In this post I will explain how to parse an xml document in java using the SAX API.
SAX api is event based java api.
The SAX compliant parser which reads the xml document sequentially, generates events whenever the parser encounters an xml element.
The parser reads the document sequentially and doesn’t load the entire xml document in memory.
For every event generated an appropriate pre-determined callback methods are executed.
These methods are encapsulated in handler objects and these handlers are set to the parser before parsing is started.
We obtain the SAX compliant parser as shown below
XMLReader reader = XMLReaderFactory.createXMLReader();
createXMLReader tries to create an instance of SAX compliant parser, if it cannot create an instance or obtain information about SAX compliant parser class name,
it throws SAXException.
Next we create a Handler object by implementing ContentHandler, DTDHandler, EntityResolver, or ErrorHandler interface.
Below is the java code of the class that implement ContentHandler interface
package sax;
import org.xml.sax.Attributes;
import org.xml.sax.ContentHandler;
import org.xml.sax.Locator;
import org.xml.sax.SAXException;
public class ContentParser implements ContentHandler {
private Locator locator;
/**
* This method is called whenever characters are encountered. The parameter ch is an array containing the data
* and start indicate the starting position of the data in the array. length indicates
* the number of characters to be read.
*/
@Override
public void characters(char[] ch, int start, int length) throws SAXException {
System.out.print("characters [");
for(int i = start; i < length; i++) {
System.out.print(ch[i]);
}
System.out.println("]");
}
/**
* Called when end of the document is reached
*/
@Override
public void endDocument() throws SAXException {
System.out.println("End Document" + " at : " + locator.getLineNumber() + ", " + locator.getColumnNumber());
}
/**
* Called when end tag of an element is reached
*/
@Override
public void endElement(String uri, String localName, String qName) throws SAXException {
System.out.println("End Element: " + localName + " at : " + locator.getLineNumber() + ", " + locator.getColumnNumber());
}
/**
* Called when end of prefix mapping is reached
*/
@Override
public void endPrefixMapping(String prefix) throws SAXException {
System.out.println("End Prefix: " + prefix + " at : " + locator.getLineNumber() + ", " + locator.getColumnNumber());
}
/**
* Receive notification of ignorable whitespace in element content.
*/
@Override
public void ignorableWhitespace(char[] ch, int start, int end) throws SAXException {
System.out.print("ignorable whitespace [");
for(int i = start; i < end; i++) {
System.out.print(ch[i]);
}
System.out.println("]");
}
/**
* Called when processing instruction is encountered
*/
@Override
public void processingInstruction(String target, String data) throws SAXException {
System.out.println("Processing instruction target: " + target + " and data: " + data + " at : " + locator.getLineNumber() + ", " + locator.getColumnNumber());
}
/**
* Setter for implementation of org.xml.sax.Locator interface.

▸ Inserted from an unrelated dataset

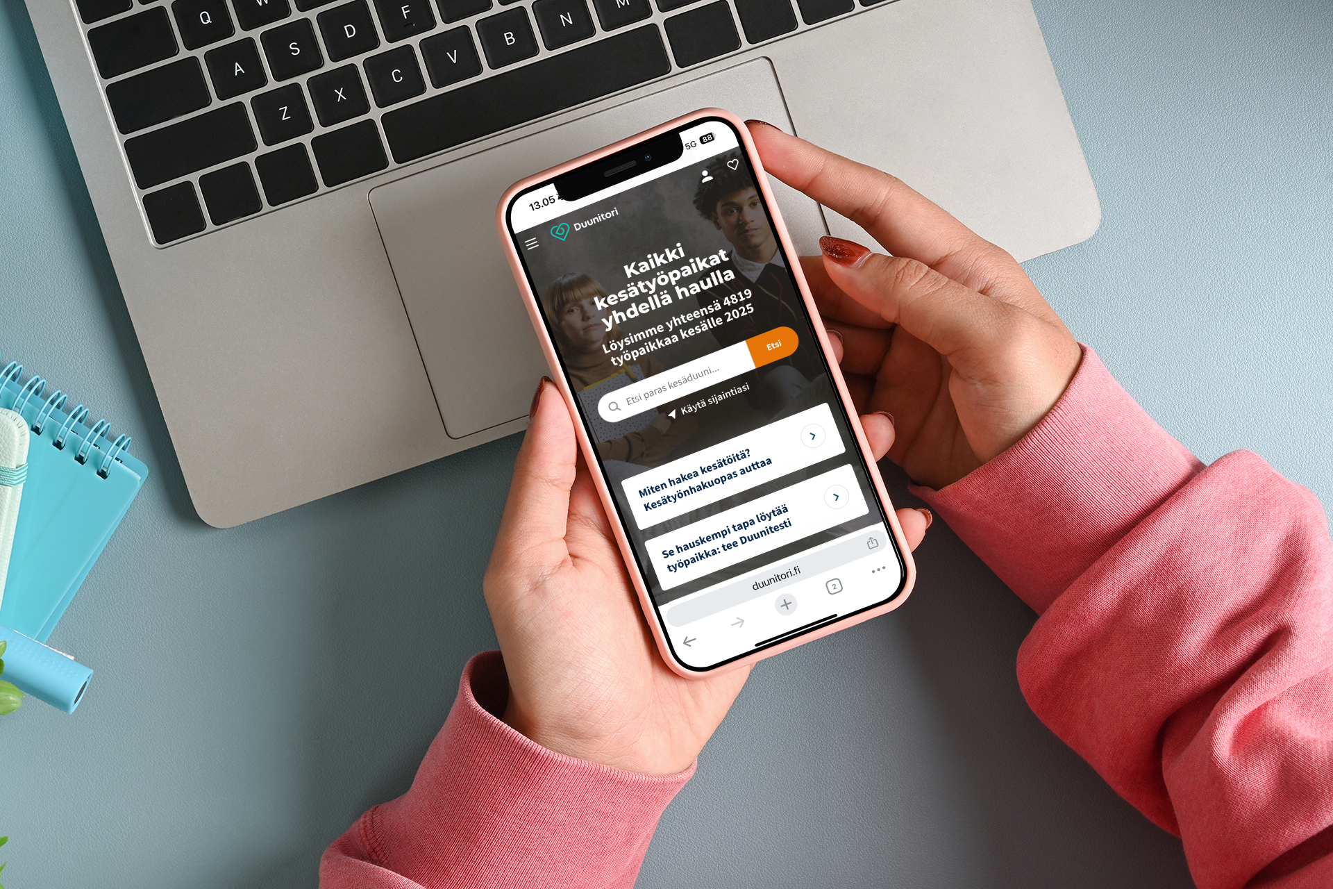 Tällä hetkellä Duunitorin kesätyösivulta löytyy yli 4 800 kesätyöilmoitusta. Työpaikkoja on todellisuudessa enemmän, sillä monet työnantajat hakevat yhdellä ilmoituksella kymmeniä tai jopa satoja kesätyöntekijöitä.

The getColumnNumber and getLineNumber method of Locator
* can be used in other methods to retrieve the location For example location where element has been encountered etc.
*/
@Override
public void setDocumentLocator(Locator locator) {
this.locator = locator;
System.out.println("Locator set: " + locator);
}
/**
* Reports all the skipped entities
*/
@Override
public void skippedEntity(String name) throws SAXException {
System.out.println("Skipped Entity: " + name + " at : " + locator.getLineNumber() + ", " + locator.getColumnNumber());
}
/**
* Called at the start of the document
*/
@Override
public void startDocument() throws SAXException {
System.out.println("Start Document" + " at : " + locator.getLineNumber() + ", " + locator.getColumnNumber());
}
/**
* Called when start tag of an element is encountered.
*/
@Override
public void startElement(String uri, String localName, String qName, Attributes attributes) throws SAXException {
System.out.println("Start Element: " + qName + " at : " + locator.getLineNumber() + ", " + locator.getColumnNumber());
}
/**
* Called when start of prefix mapping is encountered
*/
@Override
public void startPrefixMapping(String prefix, String uri) throws SAXException {
System.out.println("Start Prefix: " + prefix + " at : " + locator.getLineNumber() + ", " + locator.getColumnNumber());
}
}
We create an instance of the above class and set to xmlReader before we start parsing the document, as shown below
ContentParser contentParser = new ContentParser();
reader.setContentHandler(contentParser);
Next we start parsing by calling the parse method of XMLReader interface. Below is complete code of the main class
Main Code
package sax;
import java.io.FileInputStream;
import java.io.IOException;
import org.xml.sax.InputSource;
import org.xml.sax.SAXException;
import org.xml.sax.XMLReader;
import org.xml.sax.helpers.XMLReaderFactory;
public class SaxDemo1 {
public static void main(String[] args) throws SAXException, IOException {
FileInputStream fis = new FileInputStream("example1.xml");
InputSource is = new InputSource(fis);
ContentParser contentParser = new ContentParser();
XMLReader reader = XMLReaderFactory.createXMLReader();
reader.setContentHandler(contentParser);
reader.parse(is);
}
}
Below is xml document being parsed by the main code
XML documenth
<?target instructions?>
<employee xmlns:e="http://www.example.org/employee">
<e:id>1</e:id>
<e:firstname>Jason</e:firstname>
<e:lastname>Bourne</e:lastname>
<e:position>Software Engineer</e:position>
<e:location>Fairfax</e:location>
</employee>
Output
Locator set: com.sun.org.apache.xerces.internal.parsers.AbstractSAXParser$LocatorProxy@4e25154f
Start Document at : 1, 1
Processing instruction target: target and data: instructions at : 1, 24
Start Prefix: e at : 2, 53
Start Element: employee at : 2, 53
characters []
Start Element: e:id at : 3, 8
characters []
End Element: id at : 3, 16
characters []
Start Element: e:firstname at : 4, 15
characters []
End Element: firstname at : 4, 34
characters []
Start Element: e:lastname at : 5, 14
characters []
End Element: lastname at : 5, 33
characters []
Start Element: e:position at : 6, 14
characters []
End Element: position at : 6, 44
characters []
Start Element: e:location at : 7, 14
characters []
End Element: location at : 7, 34
characters []
End Element: employee at : 8, 12
End Prefix: e at : 8, 12
End Document at : -1, -1